Mannitol is used to reduce intracranial pressure post head injury
What is the mechanism of action of mannitol?
- Mannitol is an osmotic diuretic*
- Alters Starling forces as it does not cross the intact BBB and thus draws water out of cells to reduce intracellular volume (hence reducing intracranial volume and intracranial pressure)
What are the other clinical effects of mannitol besides its effect on intracranial pressure?
2/4 to pass:
- Reduces intraocular pressure
- Diuresis / dehydration / hypovolaemia
- Hypernatraemia
- Hyperkalaemia
What is an appropriate dose of mannitol in head injury?
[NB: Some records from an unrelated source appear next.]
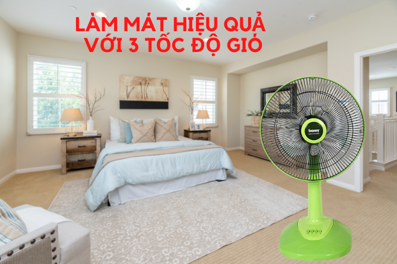 Quạt bàn Benny BFT-46-GN có công suất 60W nguồn điện 220-240V-50Hz cùng lưu lượng gió lên đến 60m3/phút giúp làm mát căn phòng một cách nhanh chóng, xua tan không khí nóng bức ngày hè, đồng thời giúp tiết kiệm điện năng hiệu quả cho gia đình bạn
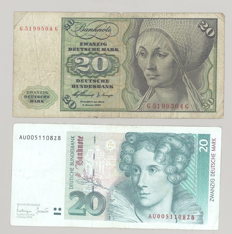 Deutschland, 13 x 20 DM Schein Bundesbank 1960 bzw. 1993 in verschiedenen Bedarfserhaltungen als Posten. 1 x der alte Schein, die anderen sind Bundesbank 1993. Der reine Geldwert beträgt 260,00 DM.
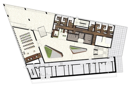 La structure interne du bâtiment se divise en parties publiques, semi-publiques et zones réservées au personnel de la justice.
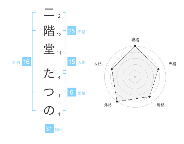 二階堂 たつのさんの天格は25画の4点!
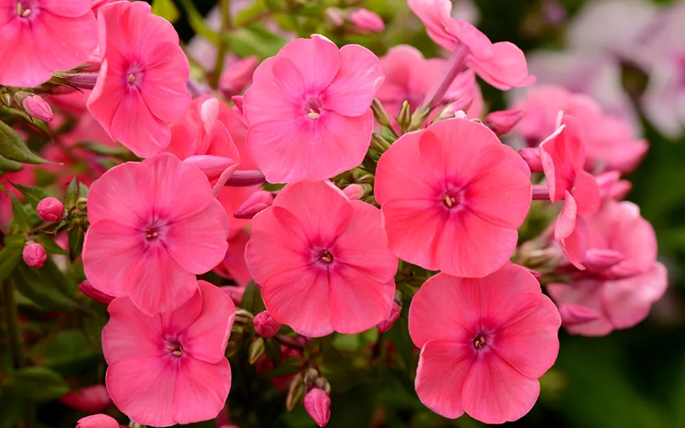 Этот флокс выделяется своей неприхотливостью к условиям выращивания и высокой устойчивостью к болезням. Его густые соцветия состоят из множества мелких цветков, создавая эффект пышной облачности. ‘Свит Саммер Кэнди’ обладает отличной способностью к повторному цветению, радуя садоводами волнами ярких красок.

1-2g/kg as an IV bolus over 15mins*
- 0.25-2g/kg acceptable range
Describe the mechanism of action of thiazides
Inhibition of Na+/Cl- transporter in the distal convoluted tubule*, leading to increased NaCl excretion and diuresis
*needed to pass
What are the major clinical indications for thiazide diuretic use?
- Heart failure*
- HTN*
- Nephrolithiasis
- Nephrogenic diabetes insipidus
- Generalised oedema
- Nephrotic syndrome
- Cirrhosis
*needed to pass
What are the potential adverse effects of thiazide diuretics?
- Cardiovascular:
- Orthostatic hypotension, hypovolaemia*
- Dehydration* - Metabolic:
- Hypokalaemia*
- Hyponatraemia*
- Hyperuricaemia
- Hypercalcaemia
- Metabolic alkalosis
- Impaired carbohydrate tolerance, hyperglycaemia - GIT:
- Pancreatitis - Allergy:
- Cross-reactivity with sulphonamides
*2/4 to pass + 1 other
What is the mechanism of action of clopidogrel?
Antiplatelet effect by inhibiting ADP pathway*:
- Irreversible blockade of ADP receptor on platelet for life of platelet
*needed to pass
Describe the pharmacokinetics of clopidogrel
- Absorption:
- Loading dose 300-600mg* or 75mg daily* - Metabolism:
- Prodrug* metabolised to pharmacologically active metabolite and inactive metabolites
- Activated in liver by cytochrome P450 enzymes* (including CYP2C19)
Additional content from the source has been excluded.